REQUIRED WORK:
Output the listing verbatim, leaving out every picture.

DATA EXCERPTS:
[Start of section]
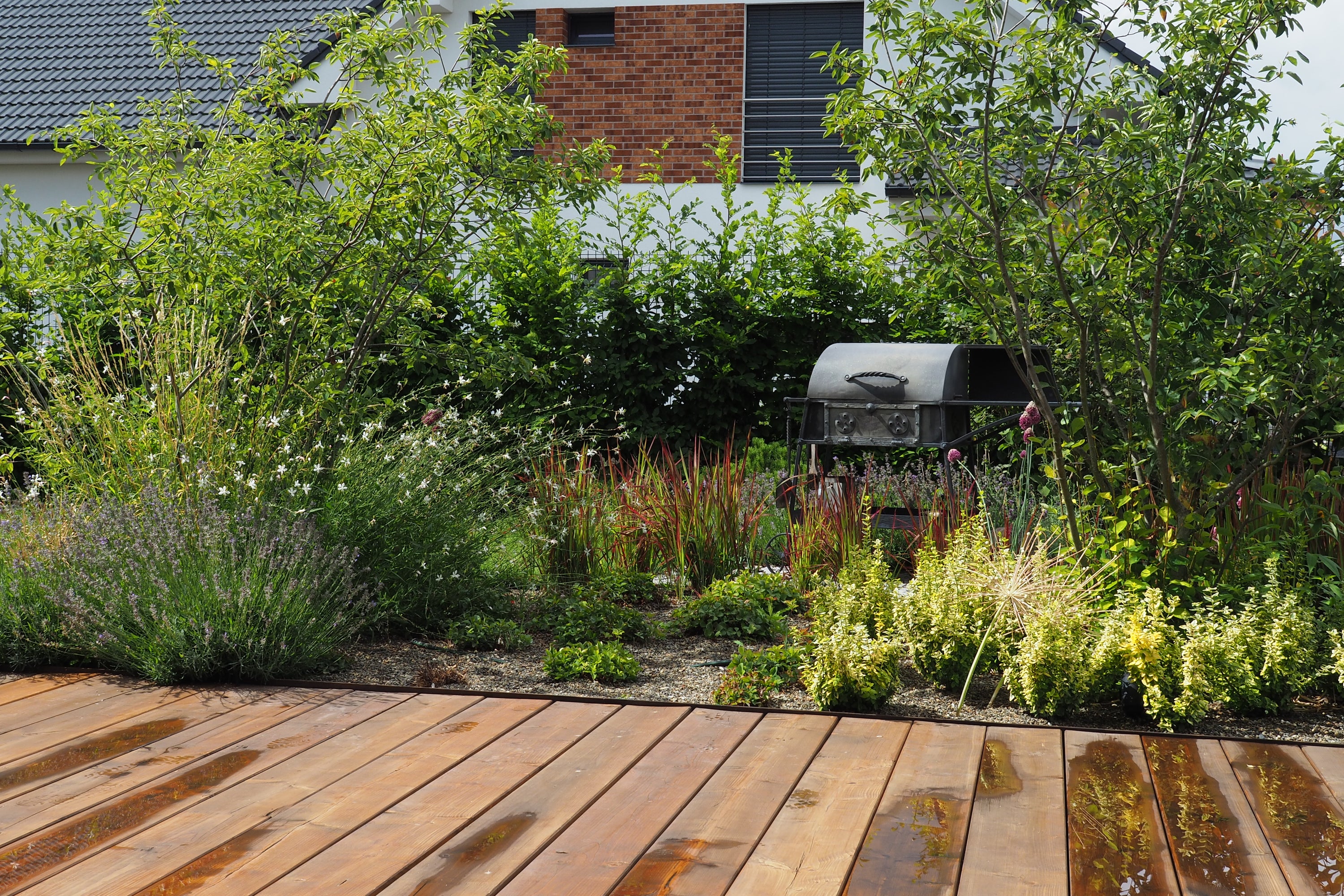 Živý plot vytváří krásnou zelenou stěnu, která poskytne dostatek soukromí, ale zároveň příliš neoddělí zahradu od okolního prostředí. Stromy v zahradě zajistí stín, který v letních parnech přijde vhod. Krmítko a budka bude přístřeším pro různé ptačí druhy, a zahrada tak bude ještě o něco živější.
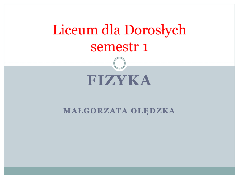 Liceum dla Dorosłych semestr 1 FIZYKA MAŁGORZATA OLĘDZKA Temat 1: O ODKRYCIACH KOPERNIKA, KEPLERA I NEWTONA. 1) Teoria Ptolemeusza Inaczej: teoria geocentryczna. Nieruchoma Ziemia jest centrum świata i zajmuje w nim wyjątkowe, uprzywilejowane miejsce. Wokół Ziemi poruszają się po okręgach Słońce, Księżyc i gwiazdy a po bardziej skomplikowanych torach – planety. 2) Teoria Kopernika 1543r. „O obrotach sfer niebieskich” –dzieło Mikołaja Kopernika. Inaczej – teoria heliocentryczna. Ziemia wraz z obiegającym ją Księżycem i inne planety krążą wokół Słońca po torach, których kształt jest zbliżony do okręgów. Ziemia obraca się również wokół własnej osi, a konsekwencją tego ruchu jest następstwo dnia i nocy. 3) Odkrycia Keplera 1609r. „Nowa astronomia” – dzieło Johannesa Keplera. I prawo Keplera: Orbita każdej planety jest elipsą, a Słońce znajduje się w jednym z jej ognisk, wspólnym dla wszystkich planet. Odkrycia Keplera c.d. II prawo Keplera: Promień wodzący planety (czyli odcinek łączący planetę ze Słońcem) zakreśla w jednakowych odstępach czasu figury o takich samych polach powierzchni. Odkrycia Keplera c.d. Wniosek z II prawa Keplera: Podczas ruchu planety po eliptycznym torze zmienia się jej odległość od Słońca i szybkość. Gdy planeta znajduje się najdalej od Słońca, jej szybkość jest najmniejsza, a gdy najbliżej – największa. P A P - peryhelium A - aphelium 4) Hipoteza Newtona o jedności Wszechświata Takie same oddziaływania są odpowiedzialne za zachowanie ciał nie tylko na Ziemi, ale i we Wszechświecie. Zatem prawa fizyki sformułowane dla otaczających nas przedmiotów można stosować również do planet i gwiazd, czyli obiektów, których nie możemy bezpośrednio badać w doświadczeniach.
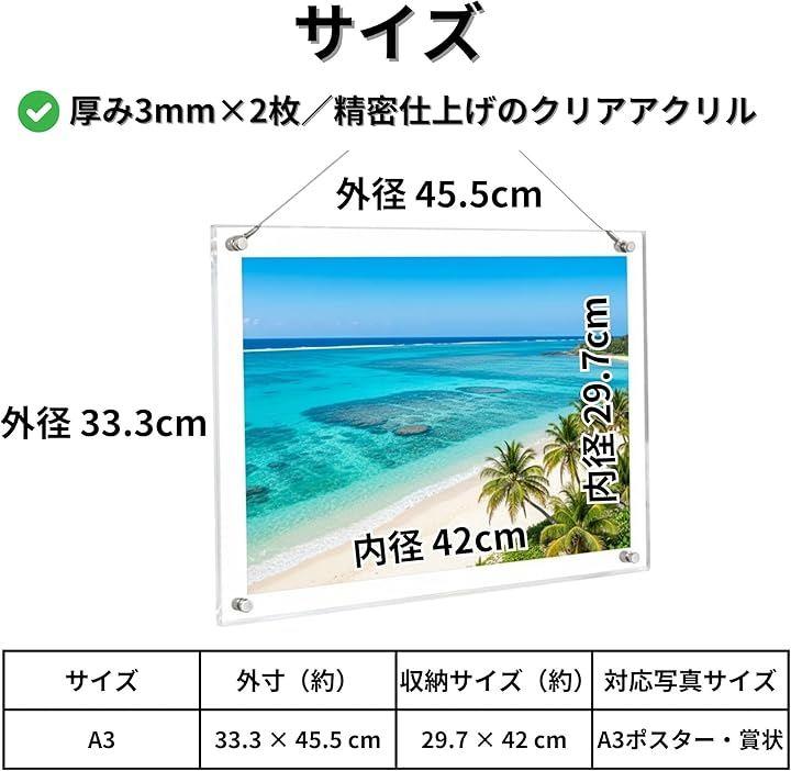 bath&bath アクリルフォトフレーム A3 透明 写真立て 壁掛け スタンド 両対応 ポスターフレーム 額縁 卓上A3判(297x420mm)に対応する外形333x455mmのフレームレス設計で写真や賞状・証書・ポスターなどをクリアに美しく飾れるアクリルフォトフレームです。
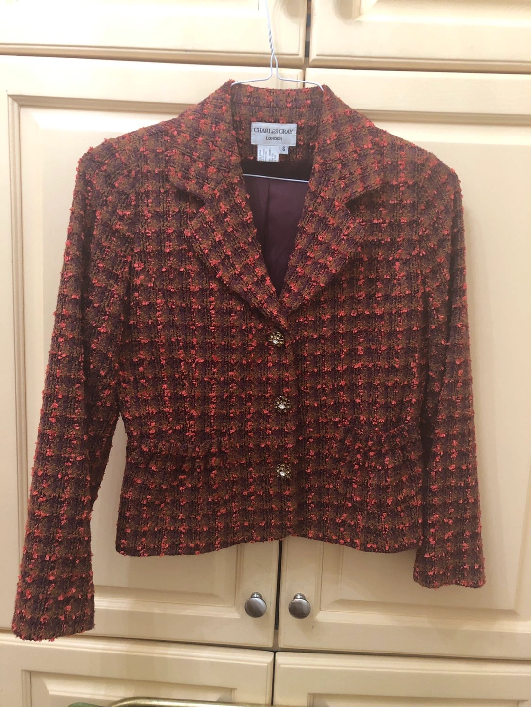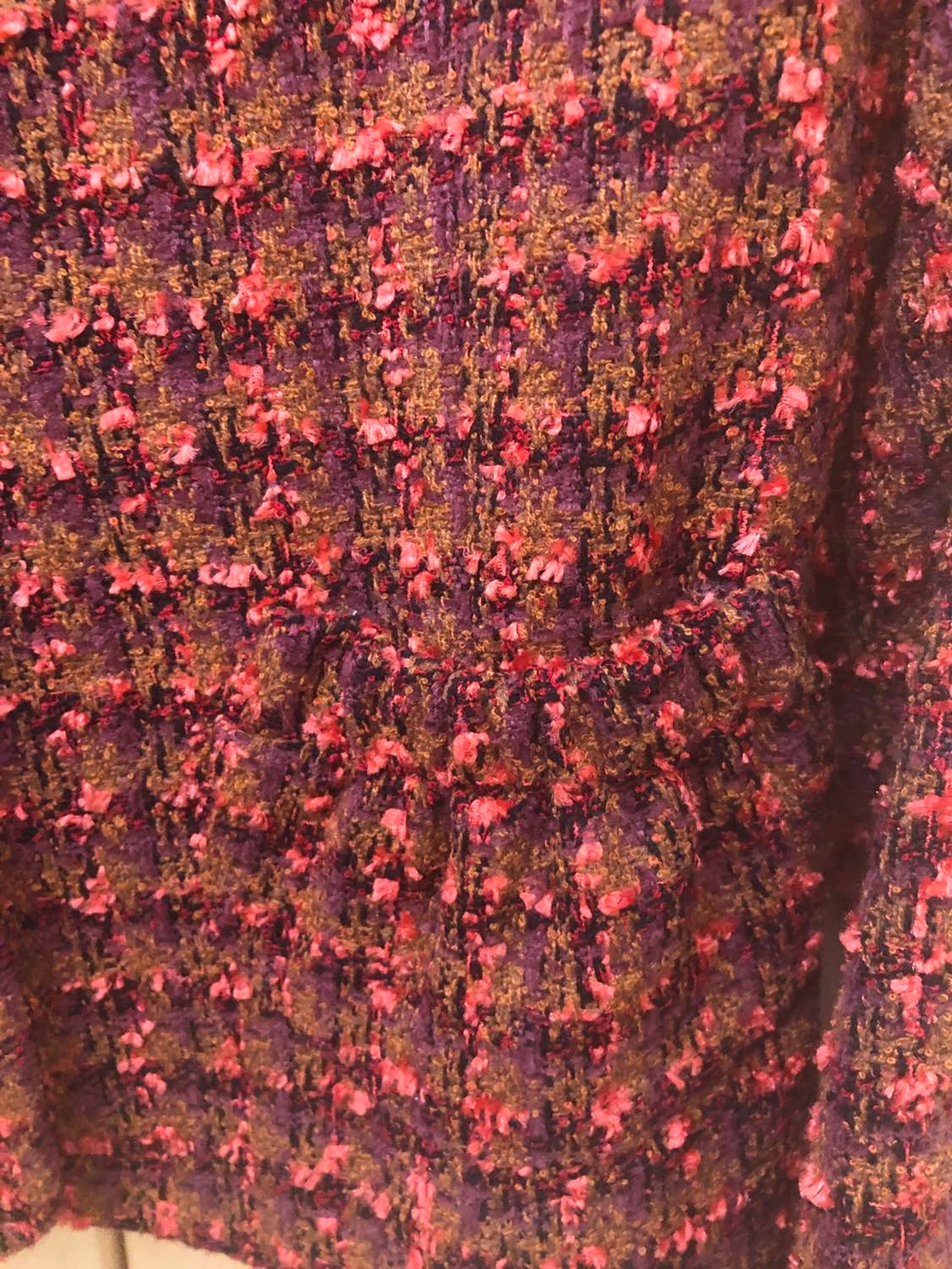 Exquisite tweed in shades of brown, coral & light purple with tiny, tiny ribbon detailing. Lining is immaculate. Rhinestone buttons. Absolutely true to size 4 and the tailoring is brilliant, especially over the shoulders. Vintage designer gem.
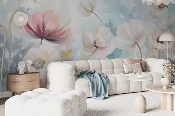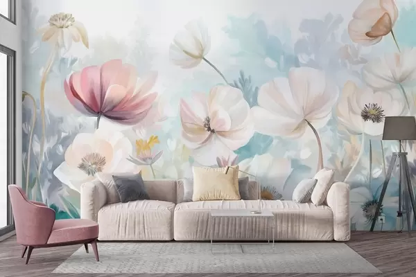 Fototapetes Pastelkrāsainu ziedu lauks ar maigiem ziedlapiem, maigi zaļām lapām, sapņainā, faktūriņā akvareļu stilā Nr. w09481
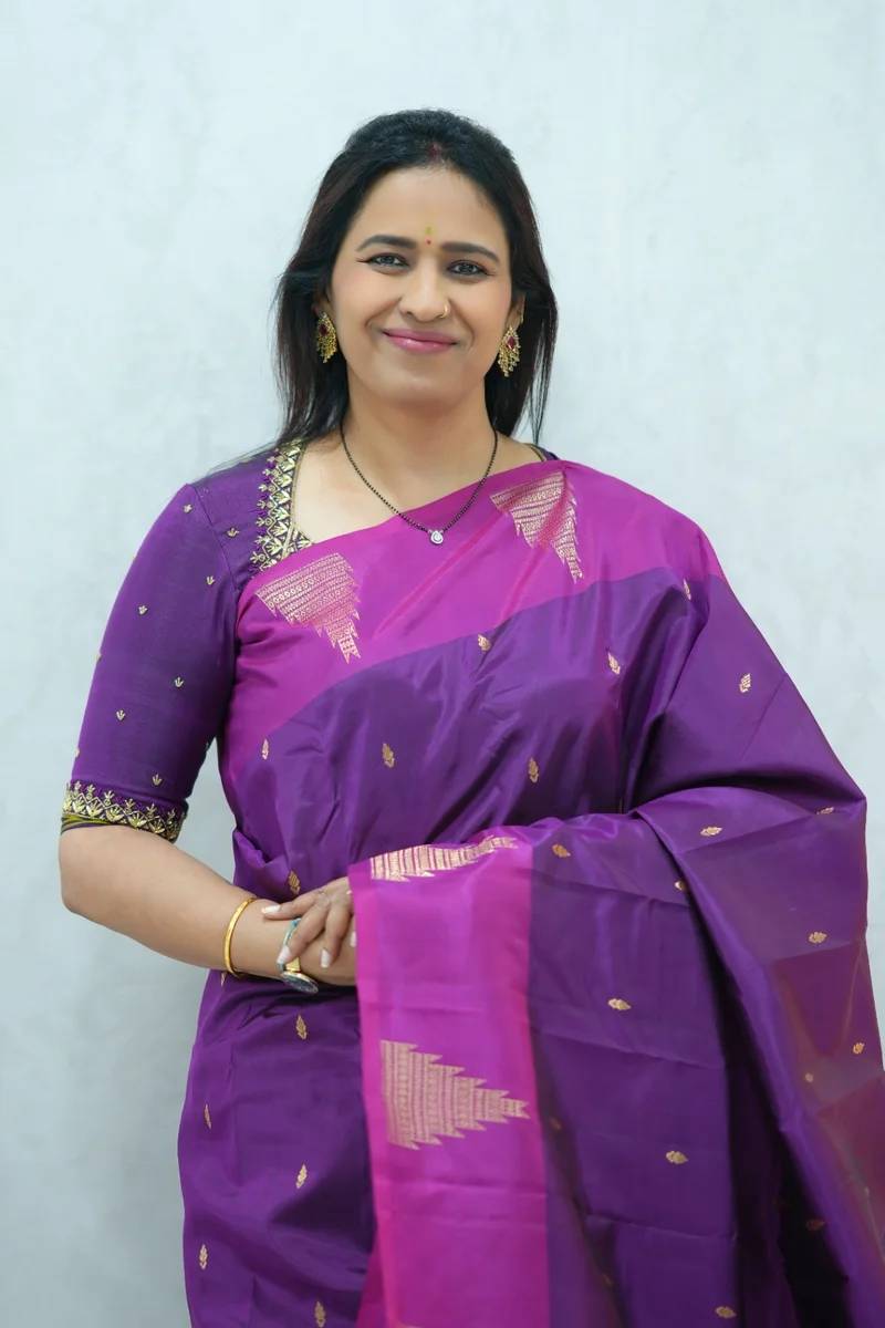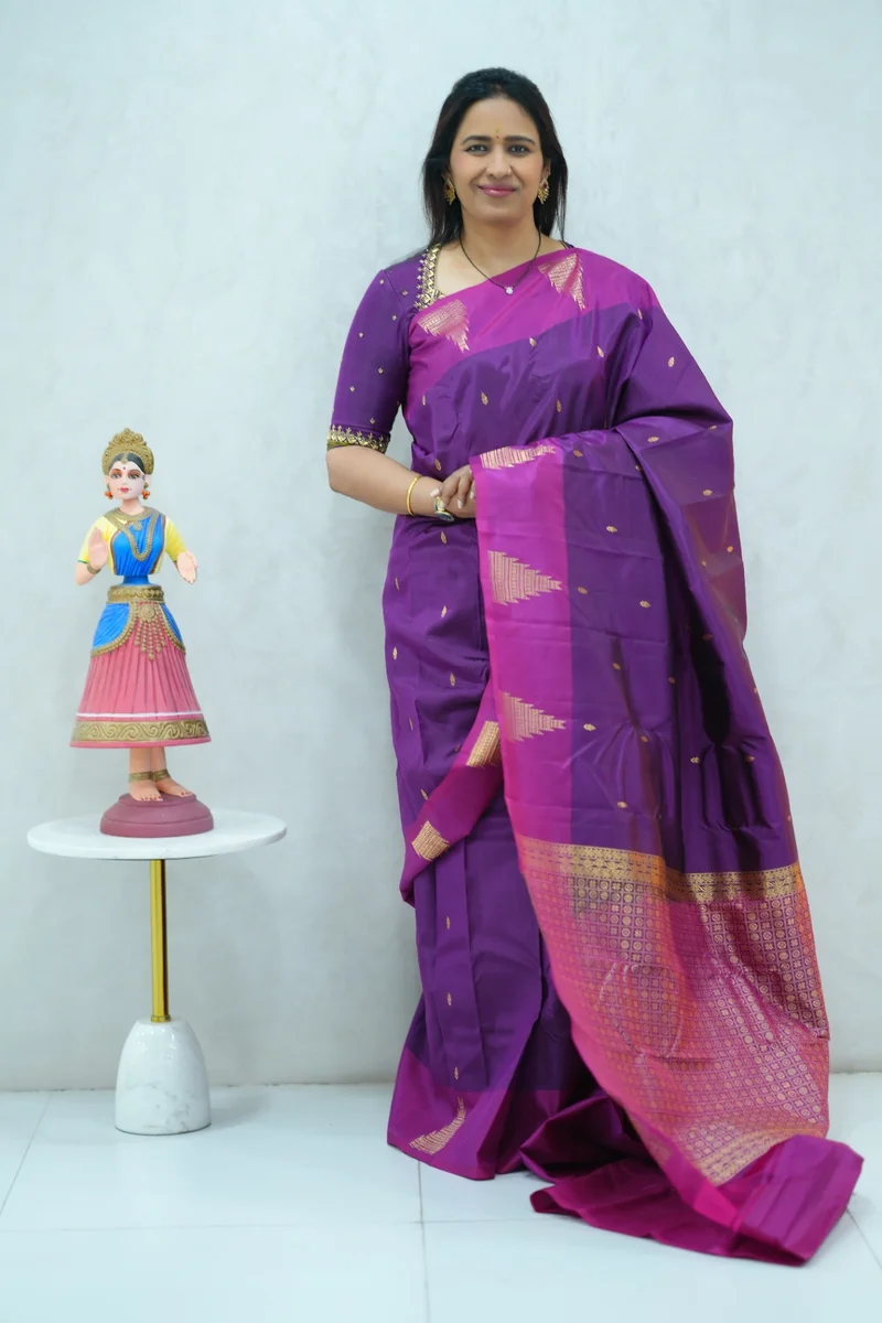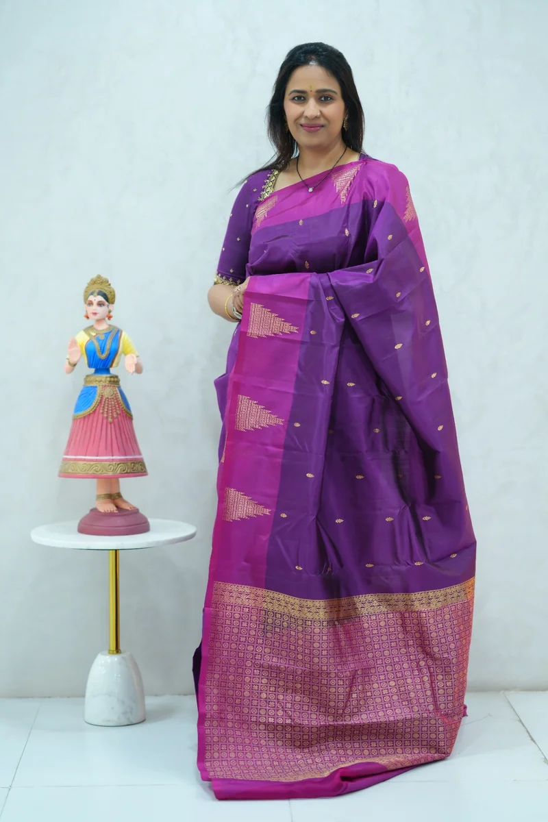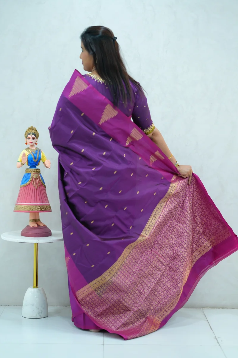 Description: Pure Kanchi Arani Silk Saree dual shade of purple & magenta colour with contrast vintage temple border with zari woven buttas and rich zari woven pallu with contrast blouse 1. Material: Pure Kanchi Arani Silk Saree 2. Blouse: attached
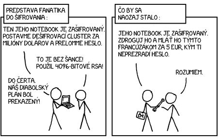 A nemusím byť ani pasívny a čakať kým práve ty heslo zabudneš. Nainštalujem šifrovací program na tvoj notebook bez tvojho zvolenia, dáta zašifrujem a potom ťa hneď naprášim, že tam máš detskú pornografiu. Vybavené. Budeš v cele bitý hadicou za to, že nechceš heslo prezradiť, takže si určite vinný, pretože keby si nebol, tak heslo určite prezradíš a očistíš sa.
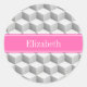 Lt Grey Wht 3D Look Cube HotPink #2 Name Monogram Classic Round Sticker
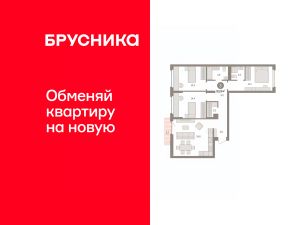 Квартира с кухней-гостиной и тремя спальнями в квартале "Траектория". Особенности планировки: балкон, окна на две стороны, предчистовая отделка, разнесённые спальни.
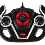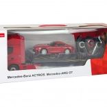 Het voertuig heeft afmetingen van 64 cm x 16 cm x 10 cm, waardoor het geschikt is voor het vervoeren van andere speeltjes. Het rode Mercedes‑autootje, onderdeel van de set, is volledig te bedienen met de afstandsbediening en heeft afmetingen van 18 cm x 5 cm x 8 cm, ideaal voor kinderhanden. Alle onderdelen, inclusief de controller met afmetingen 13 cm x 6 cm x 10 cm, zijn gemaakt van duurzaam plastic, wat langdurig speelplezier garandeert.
[End of section]
ANSWER BOX:
 Živý plot vytváří krásnou zelenou stěnu, která poskytne dostatek soukromí, ale zároveň příliš neoddělí zahradu od okolního prostředí. Stromy v zahradě zajistí stín, který v letních parnech přijde vhod. Krmítko a budka bude přístřeším pro různé ptačí druhy, a zahrada tak bude ještě o něco živější.
 Liceum dla Dorosłych semestr 1 FIZYKA MAŁGORZATA OLĘDZKA Temat 1: O ODKRYCIACH KOPERNIKA, KEPLERA I NEWTONA. 1) Teoria Ptolemeusza Inaczej: teoria geocentryczna. Nieruchoma Ziemia jest centrum świata i zajmuje w nim wyjątkowe, uprzywilejowane miejsce. Wokół Ziemi poruszają się po okręgach Słońce, Księżyc i gwiazdy a po bardziej skomplikowanych torach – planety. 2) Teoria Kopernika 1543r. „O obrotach sfer niebieskich” –dzieło Mikołaja Kopernika. Inaczej – teoria heliocentryczna. Ziemia wraz z obiegającym ją Księżycem i inne planety krążą wokół Słońca po torach, których kształt jest zbliżony do okręgów. Ziemia obraca się również wokół własnej osi, a konsekwencją tego ruchu jest następstwo dnia i nocy. 3) Odkrycia Keplera 1609r. „Nowa astronomia” – dzieło Johannesa Keplera. I prawo Keplera: Orbita każdej planety jest elipsą, a Słońce znajduje się w jednym z jej ognisk, wspólnym dla wszystkich planet. Odkrycia Keplera c.d. II prawo Keplera: Promień wodzący planety (czyli odcinek łączący planetę ze Słońcem) zakreśla w jednakowych odstępach czasu figury o takich samych polach powierzchni. Odkrycia Keplera c.d. Wniosek z II prawa Keplera: Podczas ruchu planety po eliptycznym torze zmienia się jej odległość od Słońca i szybkość. Gdy planeta znajduje się najdalej od Słońca, jej szybkość jest najmniejsza, a gdy najbliżej – największa. P A P - peryhelium A - aphelium 4) Hipoteza Newtona o jedności Wszechświata Takie same oddziaływania są odpowiedzialne za zachowanie ciał nie tylko na Ziemi, ale i we Wszechświecie. Zatem prawa fizyki sformułowane dla otaczających nas przedmiotów można stosować również do planet i gwiazd, czyli obiektów, których nie możemy bezpośrednio badać w doświadczeniach.
 bath&bath アクリルフォトフレーム A3 透明 写真立て 壁掛け スタンド 両対応 ポスターフレーム 額縁 卓上A3判(297x420mm)に対応する外形333x455mmのフレームレス設計で写真や賞状・証書・ポスターなどをクリアに美しく飾れるアクリルフォトフレームです。
 Exquisite tweed in shades of brown, coral & light purple with tiny, tiny ribbon detailing. Lining is immaculate. Rhinestone buttons. Absolutely true to size 4 and the tailoring is brilliant, especially over the shoulders. Vintage designer gem.
 Fototapetes Pastelkrāsainu ziedu lauks ar maigiem ziedlapiem, maigi zaļām lapām, sapņainā, faktūriņā akvareļu stilā Nr. w09481
 Description: Pure Kanchi Arani Silk Saree dual shade of purple & magenta colour with contrast vintage temple border with zari woven buttas and rich zari woven pallu with contrast blouse 1. Material: Pure Kanchi Arani Silk Saree 2. Blouse: attached
 A nemusím byť ani pasívny a čakať kým práve ty heslo zabudneš. Nainštalujem šifrovací program na tvoj notebook bez tvojho zvolenia, dáta zašifrujem a potom ťa hneď naprášim, že tam máš detskú pornografiu. Vybavené. Budeš v cele bitý hadicou za to, že nechceš heslo prezradiť, takže si určite vinný, pretože keby si nebol, tak heslo určite prezradíš a očistíš sa.
 Lt Grey Wht 3D Look Cube HotPink #2 Name Monogram Classic Round Sticker
 Квартира с кухней-гостиной и тремя спальнями в квартале "Траектория". Особенности планировки: балкон, окна на две стороны, предчистовая отделка, разнесённые спальни.
 Het voertuig heeft afmetingen van 64 cm x 16 cm x 10 cm, waardoor het geschikt is voor het vervoeren van andere speeltjes. Het rode Mercedes‑autootje, onderdeel van de set, is volledig te bedienen met de afstandsbediening en heeft afmetingen van 18 cm x 5 cm x 8 cm, ideaal voor kinderhanden. Alle onderdelen, inclusief de controller met afmetingen 13 cm x 6 cm x 10 cm, zijn gemaakt van duurzaam plastic, wat langdurig speelplezier garandeert.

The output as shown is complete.